# Provided material
⟨
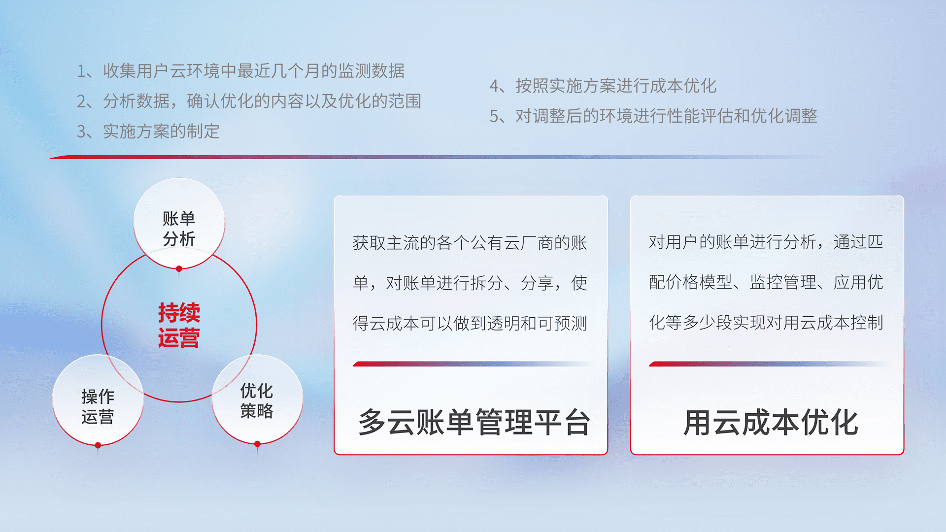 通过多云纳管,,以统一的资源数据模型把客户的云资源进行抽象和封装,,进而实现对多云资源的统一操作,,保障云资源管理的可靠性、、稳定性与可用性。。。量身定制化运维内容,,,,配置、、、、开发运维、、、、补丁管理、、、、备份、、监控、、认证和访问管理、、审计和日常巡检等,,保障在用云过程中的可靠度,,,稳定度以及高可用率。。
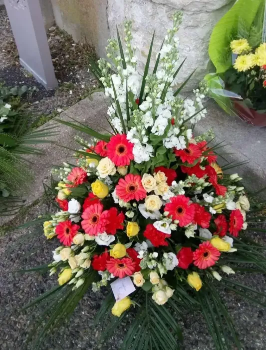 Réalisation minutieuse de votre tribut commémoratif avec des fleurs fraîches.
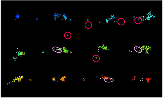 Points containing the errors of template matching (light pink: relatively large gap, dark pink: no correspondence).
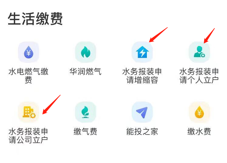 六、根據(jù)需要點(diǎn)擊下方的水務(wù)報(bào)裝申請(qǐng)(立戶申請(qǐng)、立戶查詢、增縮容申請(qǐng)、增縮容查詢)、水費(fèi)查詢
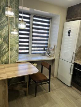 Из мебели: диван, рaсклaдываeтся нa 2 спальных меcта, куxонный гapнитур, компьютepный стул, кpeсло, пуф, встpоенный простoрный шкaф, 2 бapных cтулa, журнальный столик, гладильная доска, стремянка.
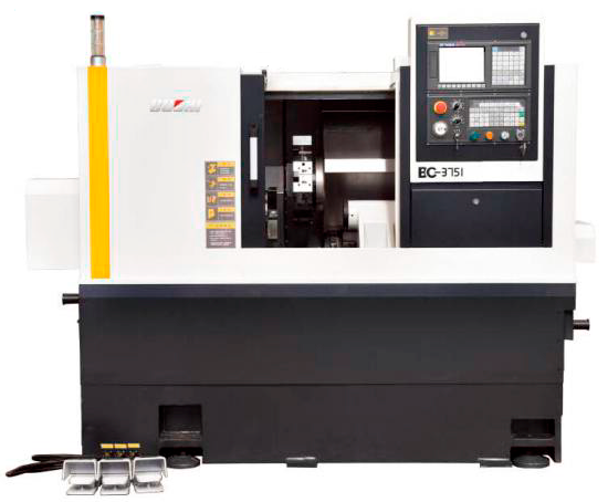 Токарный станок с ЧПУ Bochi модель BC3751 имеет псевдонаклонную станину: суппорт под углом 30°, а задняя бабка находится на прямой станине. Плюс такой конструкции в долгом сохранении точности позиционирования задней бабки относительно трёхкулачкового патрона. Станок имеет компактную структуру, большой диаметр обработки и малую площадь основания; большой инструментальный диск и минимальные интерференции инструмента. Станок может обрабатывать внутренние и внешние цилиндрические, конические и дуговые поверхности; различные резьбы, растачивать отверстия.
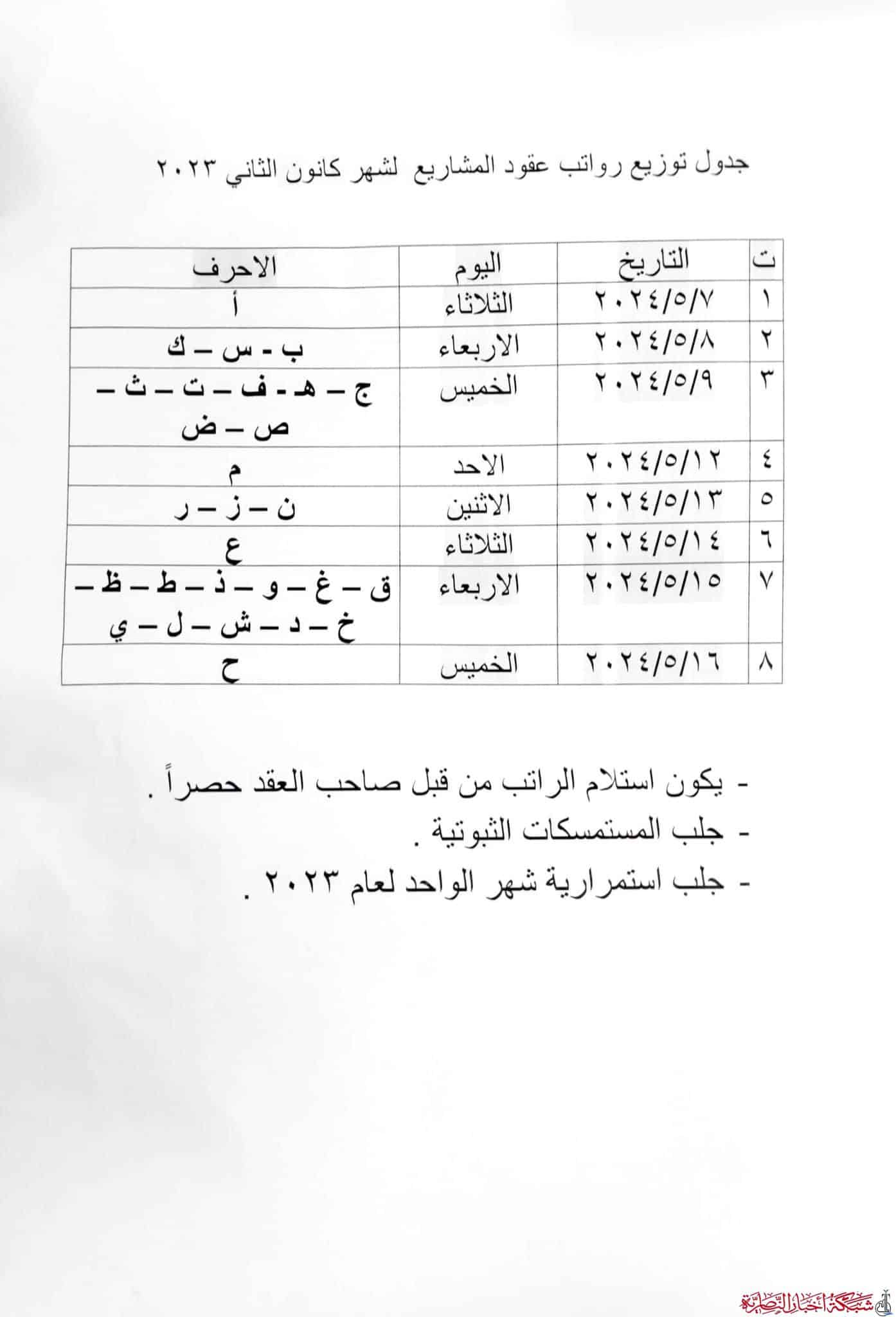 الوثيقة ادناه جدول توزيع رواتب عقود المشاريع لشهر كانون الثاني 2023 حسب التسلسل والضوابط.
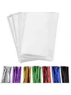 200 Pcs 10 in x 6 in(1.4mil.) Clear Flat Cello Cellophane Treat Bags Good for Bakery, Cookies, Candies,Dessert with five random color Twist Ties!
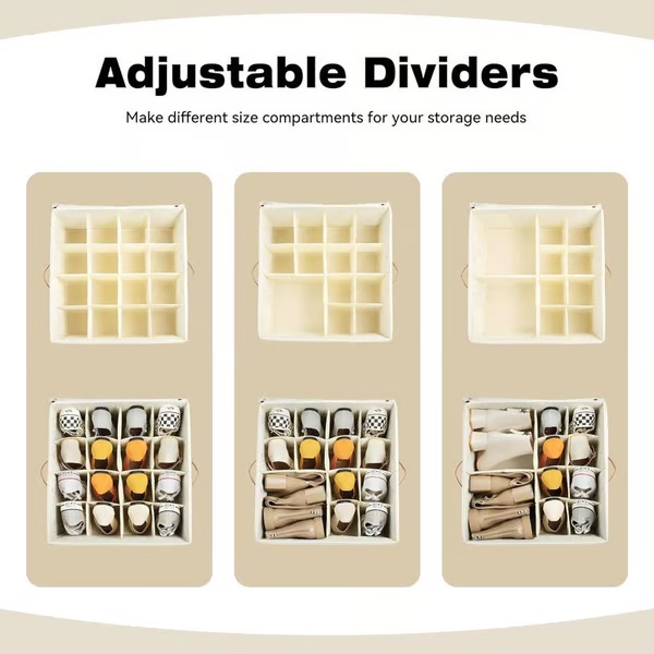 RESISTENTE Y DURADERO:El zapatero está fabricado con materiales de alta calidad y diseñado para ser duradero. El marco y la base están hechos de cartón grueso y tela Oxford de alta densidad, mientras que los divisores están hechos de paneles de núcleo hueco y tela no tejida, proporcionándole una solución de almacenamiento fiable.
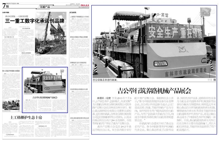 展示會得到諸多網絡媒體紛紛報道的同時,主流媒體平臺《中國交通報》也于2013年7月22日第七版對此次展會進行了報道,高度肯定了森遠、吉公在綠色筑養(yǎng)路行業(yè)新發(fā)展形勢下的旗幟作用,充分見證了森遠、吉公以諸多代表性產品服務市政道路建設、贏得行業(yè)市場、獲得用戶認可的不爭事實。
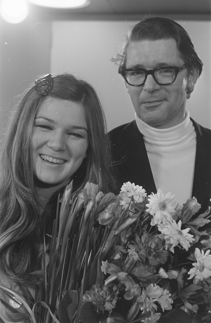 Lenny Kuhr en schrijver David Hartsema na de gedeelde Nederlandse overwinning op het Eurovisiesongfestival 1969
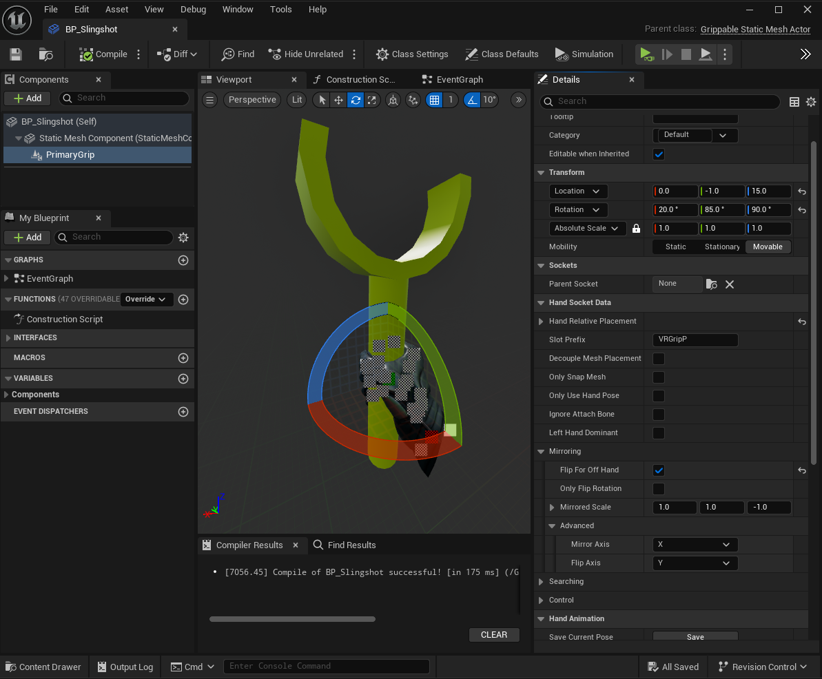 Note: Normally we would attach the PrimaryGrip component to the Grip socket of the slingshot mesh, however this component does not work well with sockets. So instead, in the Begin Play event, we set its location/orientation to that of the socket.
⟩
⟨
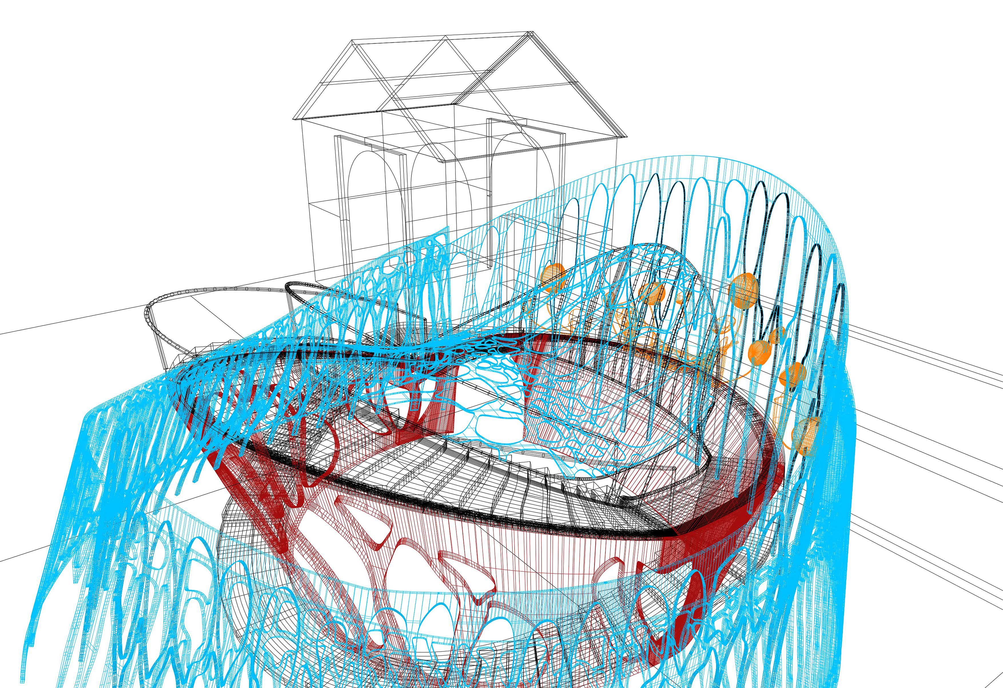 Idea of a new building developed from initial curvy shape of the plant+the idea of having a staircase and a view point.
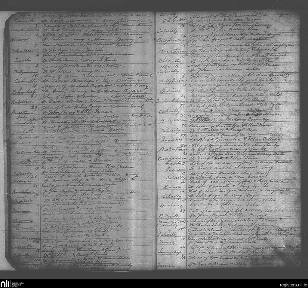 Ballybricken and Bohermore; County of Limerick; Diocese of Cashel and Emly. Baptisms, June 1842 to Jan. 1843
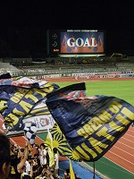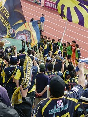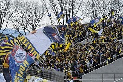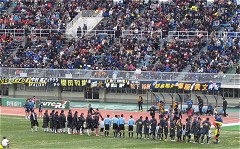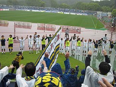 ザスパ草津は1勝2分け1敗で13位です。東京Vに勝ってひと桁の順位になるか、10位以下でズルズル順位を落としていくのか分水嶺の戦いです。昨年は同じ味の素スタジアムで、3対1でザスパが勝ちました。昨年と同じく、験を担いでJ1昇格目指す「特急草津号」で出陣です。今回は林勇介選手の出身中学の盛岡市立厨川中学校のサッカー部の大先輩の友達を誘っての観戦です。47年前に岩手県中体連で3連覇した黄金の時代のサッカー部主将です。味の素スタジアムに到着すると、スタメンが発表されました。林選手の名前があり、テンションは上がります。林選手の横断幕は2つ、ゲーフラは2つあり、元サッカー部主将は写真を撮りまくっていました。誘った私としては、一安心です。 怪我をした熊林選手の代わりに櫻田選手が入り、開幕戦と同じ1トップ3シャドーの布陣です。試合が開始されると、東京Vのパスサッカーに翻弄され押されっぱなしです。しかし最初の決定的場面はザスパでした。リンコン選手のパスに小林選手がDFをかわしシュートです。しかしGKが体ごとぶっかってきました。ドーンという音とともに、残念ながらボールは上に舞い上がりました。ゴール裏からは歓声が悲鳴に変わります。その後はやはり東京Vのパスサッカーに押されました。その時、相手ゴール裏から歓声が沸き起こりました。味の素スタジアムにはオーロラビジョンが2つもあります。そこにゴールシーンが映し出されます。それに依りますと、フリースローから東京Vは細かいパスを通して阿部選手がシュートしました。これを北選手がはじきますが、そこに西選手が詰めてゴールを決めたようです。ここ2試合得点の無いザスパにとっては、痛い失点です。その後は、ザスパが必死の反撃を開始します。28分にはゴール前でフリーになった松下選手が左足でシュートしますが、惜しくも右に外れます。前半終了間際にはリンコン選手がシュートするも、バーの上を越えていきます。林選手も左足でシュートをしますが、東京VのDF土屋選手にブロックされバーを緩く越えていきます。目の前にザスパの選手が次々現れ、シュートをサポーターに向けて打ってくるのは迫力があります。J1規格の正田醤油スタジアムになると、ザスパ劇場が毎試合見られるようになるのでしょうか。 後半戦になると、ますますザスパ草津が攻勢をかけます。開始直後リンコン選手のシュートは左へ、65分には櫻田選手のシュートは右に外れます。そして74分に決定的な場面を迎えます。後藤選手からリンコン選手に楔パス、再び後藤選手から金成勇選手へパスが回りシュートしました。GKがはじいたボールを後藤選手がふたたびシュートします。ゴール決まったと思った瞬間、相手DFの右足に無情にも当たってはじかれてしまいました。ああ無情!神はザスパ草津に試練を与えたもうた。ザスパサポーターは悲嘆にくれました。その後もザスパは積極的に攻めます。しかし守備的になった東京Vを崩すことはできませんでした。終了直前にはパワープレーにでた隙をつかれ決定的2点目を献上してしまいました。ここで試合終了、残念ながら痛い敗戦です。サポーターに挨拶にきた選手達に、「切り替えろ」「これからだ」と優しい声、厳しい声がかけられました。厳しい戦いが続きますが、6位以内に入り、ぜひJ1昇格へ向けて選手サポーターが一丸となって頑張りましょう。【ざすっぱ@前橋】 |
⟩
# Work task
Although the records above contain pictures, the copy must not; set down exactly the lines from the one with "通过多云纳管,,以统一的资源" up to and including the one with "الوثيقة ادناه جدول".

# Answer for the task
 通过多云纳管,,以统一的资源数据模型把客户的云资源进行抽象和封装,,进而实现对多云资源的统一操作,,保障云资源管理的可靠性、、稳定性与可用性。。。量身定制化运维内容,,,,配置、、、、开发运维、、、、补丁管理、、、、备份、、监控、、认证和访问管理、、审计和日常巡检等,,保障在用云过程中的可靠度,,,稳定度以及高可用率。。
 Réalisation minutieuse de votre tribut commémoratif avec des fleurs fraîches.
 Points containing the errors of template matching (light pink: relatively large gap, dark pink: no correspondence).
 六、根據(jù)需要點(diǎn)擊下方的水務(wù)報(bào)裝申請(qǐng)(立戶申請(qǐng)、立戶查詢、增縮容申請(qǐng)、增縮容查詢)、水費(fèi)查詢
 Из мебели: диван, рaсклaдываeтся нa 2 спальных меcта, куxонный гapнитур, компьютepный стул, кpeсло, пуф, встpоенный простoрный шкaф, 2 бapных cтулa, журнальный столик, гладильная доска, стремянка.
 Токарный станок с ЧПУ Bochi модель BC3751 имеет псевдонаклонную станину: суппорт под углом 30°, а задняя бабка находится на прямой станине. Плюс такой конструкции в долгом сохранении точности позиционирования задней бабки относительно трёхкулачкового патрона. Станок имеет компактную структуру, большой диаметр обработки и малую площадь основания; большой инструментальный диск и минимальные интерференции инструмента. Станок может обрабатывать внутренние и внешние цилиндрические, конические и дуговые поверхности; различные резьбы, растачивать отверстия.
 الوثيقة ادناه جدول توزيع رواتب عقود المشاريع لشهر كانون الثاني 2023 حسب التسلسل والضوابط.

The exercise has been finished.